Source records:
════════════════
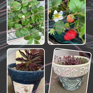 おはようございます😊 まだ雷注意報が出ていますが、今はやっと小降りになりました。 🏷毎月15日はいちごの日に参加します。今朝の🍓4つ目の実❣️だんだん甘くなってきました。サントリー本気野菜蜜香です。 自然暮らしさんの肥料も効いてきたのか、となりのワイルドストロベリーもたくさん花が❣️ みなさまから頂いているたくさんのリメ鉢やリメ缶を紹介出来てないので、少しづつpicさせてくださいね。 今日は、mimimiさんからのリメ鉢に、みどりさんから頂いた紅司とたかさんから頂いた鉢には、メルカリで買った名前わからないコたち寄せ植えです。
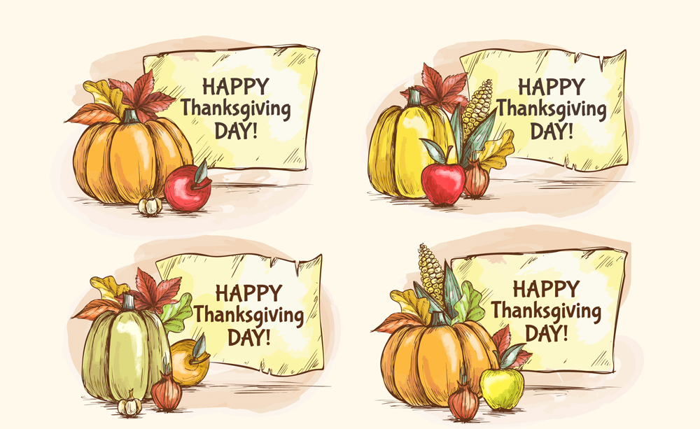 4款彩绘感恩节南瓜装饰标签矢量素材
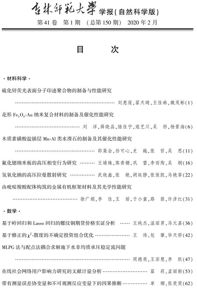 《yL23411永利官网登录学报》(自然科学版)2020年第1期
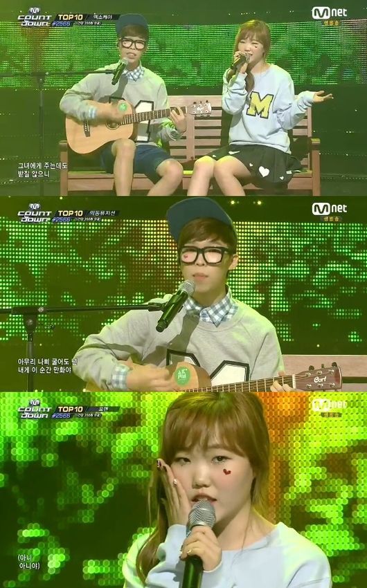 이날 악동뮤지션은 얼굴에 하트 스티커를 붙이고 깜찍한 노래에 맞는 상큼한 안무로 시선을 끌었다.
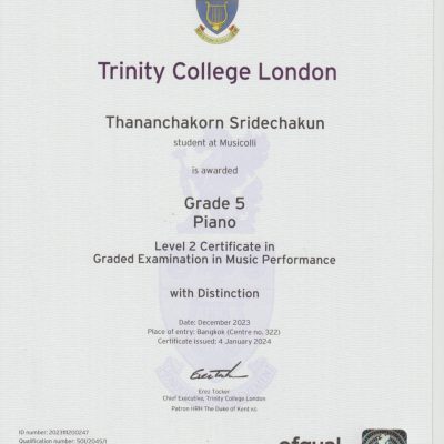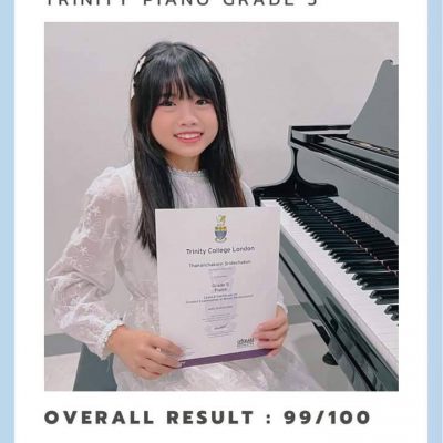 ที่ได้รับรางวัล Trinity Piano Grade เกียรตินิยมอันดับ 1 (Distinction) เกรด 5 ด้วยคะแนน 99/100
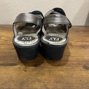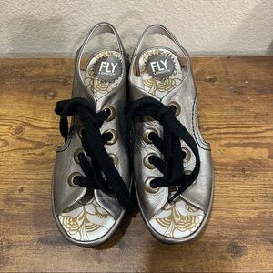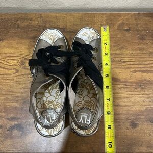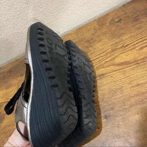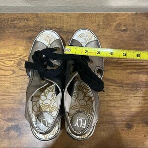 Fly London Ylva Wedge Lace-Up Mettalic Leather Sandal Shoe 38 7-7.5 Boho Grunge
════════════════
**WHAT TO WORK ON:**
Copy each of the entries above precisely, and drop whatever pictures they hold.

**TASK RESPONSE:**
 おはようございます😊 まだ雷注意報が出ていますが、今はやっと小降りになりました。 🏷毎月15日はいちごの日に参加します。今朝の🍓4つ目の実❣️だんだん甘くなってきました。サントリー本気野菜蜜香です。 自然暮らしさんの肥料も効いてきたのか、となりのワイルドストロベリーもたくさん花が❣️ みなさまから頂いているたくさんのリメ鉢やリメ缶を紹介出来てないので、少しづつpicさせてくださいね。 今日は、mimimiさんからのリメ鉢に、みどりさんから頂いた紅司とたかさんから頂いた鉢には、メルカリで買った名前わからないコたち寄せ植えです。
 4款彩绘感恩节南瓜装饰标签矢量素材
 《yL23411永利官网登录学报》(自然科学版)2020年第1期
 이날 악동뮤지션은 얼굴에 하트 스티커를 붙이고 깜찍한 노래에 맞는 상큼한 안무로 시선을 끌었다.
 ที่ได้รับรางวัล Trinity Piano Grade เกียรตินิยมอันดับ 1 (Distinction) เกรด 5 ด้วยคะแนน 99/100
 Fly London Ylva Wedge Lace-Up Mettalic Leather Sandal Shoe 38 7-7.5 Boho Grunge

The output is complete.